» **TASK INSTRUCTIONS**:
Return every entry below word for word and leave out any picture.

» **RECORDS PROVIDED**:

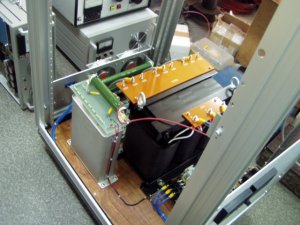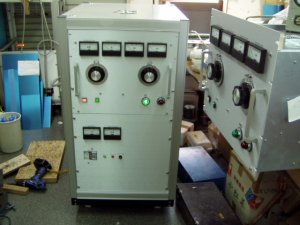 3相電源10KVAです | 完成して動作チェック | オイルコン上の抵抗は、高圧と直列で供給 |
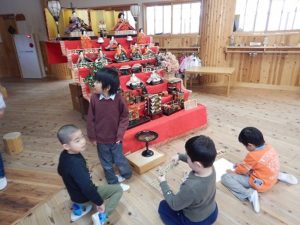 さて、そんな幼稚園ではお雛様を飾り始めて早2週間。ちょっと早い飾り始めてでしたがこれには理由があります。
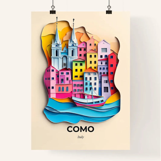 Vivid Como, Italy - a paper cut of a city with a boat in the water
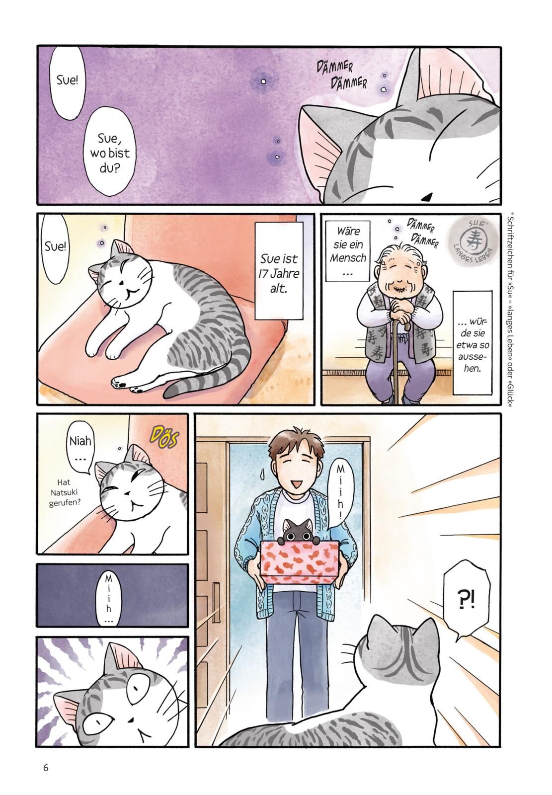 Neue Katzenabenteuer von »Kleine Katze Chi«-Autorin Konami Kanata Sue ist schon eine etwas betagte Hauskatze, die bei ihren Besitzern ein rundum glückliches und friedliches Katzenleben führt bis der aufgeweckte junge Kater Tai-chan einzieht. Der schwarze Wirb...
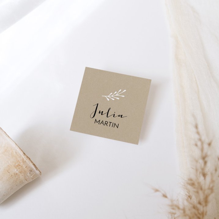 Para que tus invitados encuentren su sitio, nuestros carnets de mesa se pueden poner en las mesas del banquete. Van decorados por los dos lados.
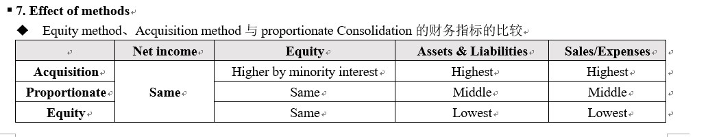 并表时,虽然I/S完全合并,NI先全加上,但是对于NI,还会再单独确认一项是归属于少数股东的NI,属于减项,导致最终NI和equity method下是一样的。
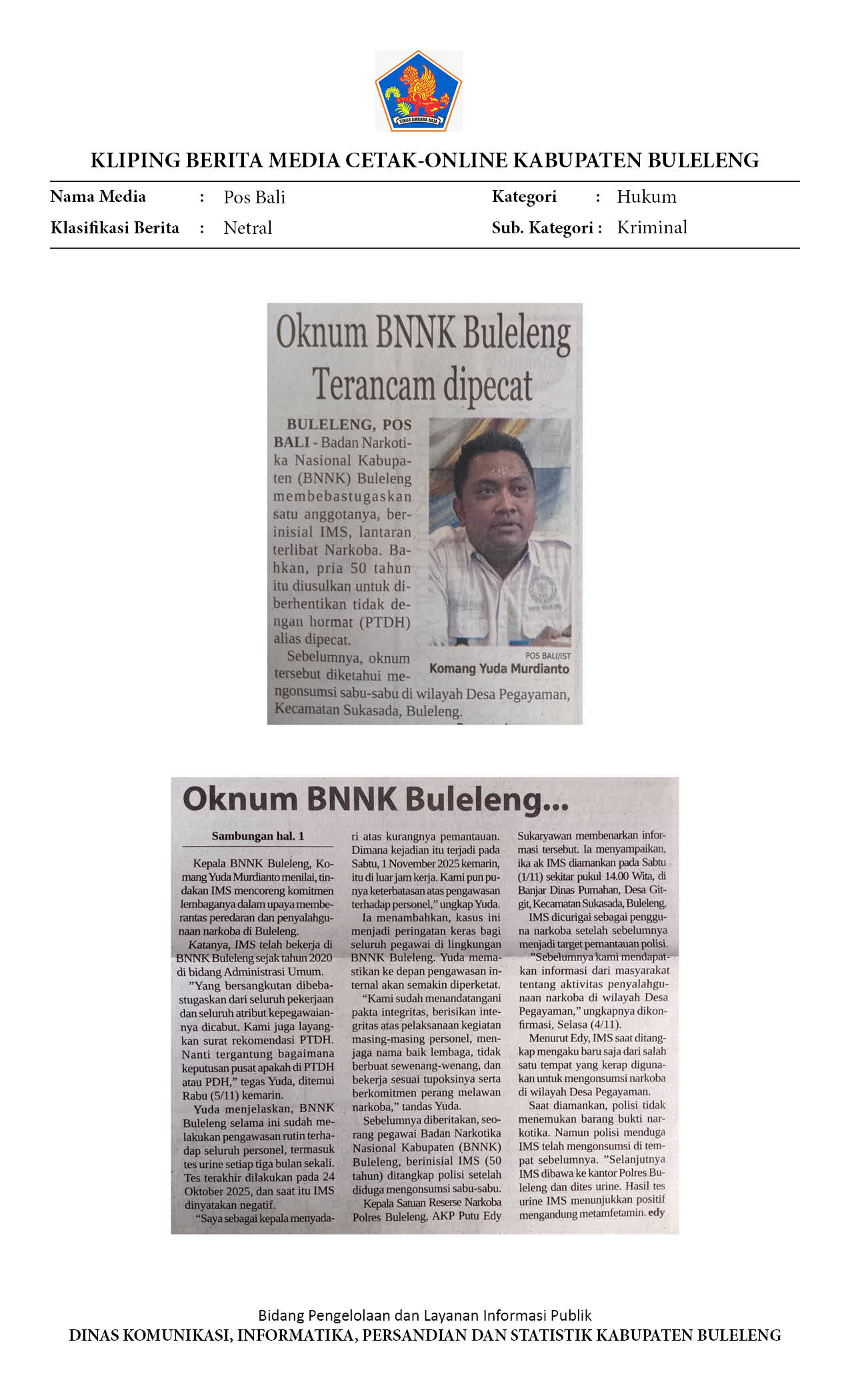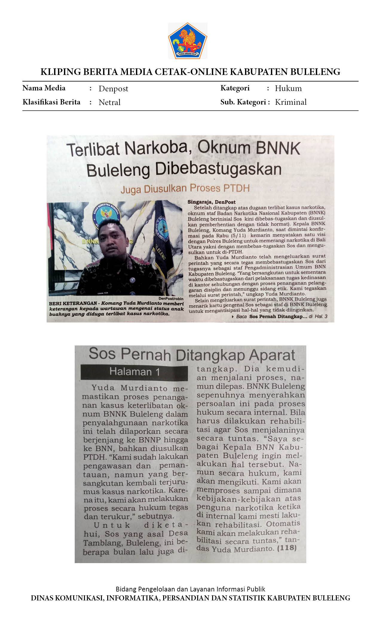 TERLIBAT NARKOBA, OKNUM BNNK BULELENG DIBEBASTUGASKAN

» **RESPONSE FOR THIS EXERCISE**:
 3相電源10KVAです | 完成して動作チェック | オイルコン上の抵抗は、高圧と直列で供給 |
 さて、そんな幼稚園ではお雛様を飾り始めて早2週間。ちょっと早い飾り始めてでしたがこれには理由があります。
 Vivid Como, Italy - a paper cut of a city with a boat in the water
 Neue Katzenabenteuer von »Kleine Katze Chi«-Autorin Konami Kanata Sue ist schon eine etwas betagte Hauskatze, die bei ihren Besitzern ein rundum glückliches und friedliches Katzenleben führt bis der aufgeweckte junge Kater Tai-chan einzieht. Der schwarze Wirb...
 Para que tus invitados encuentren su sitio, nuestros carnets de mesa se pueden poner en las mesas del banquete. Van decorados por los dos lados.
 并表时,虽然I/S完全合并,NI先全加上,但是对于NI,还会再单独确认一项是归属于少数股东的NI,属于减项,导致最终NI和equity method下是一样的。
 TERLIBAT NARKOBA, OKNUM BNNK BULELENG DIBEBASTUGASKAN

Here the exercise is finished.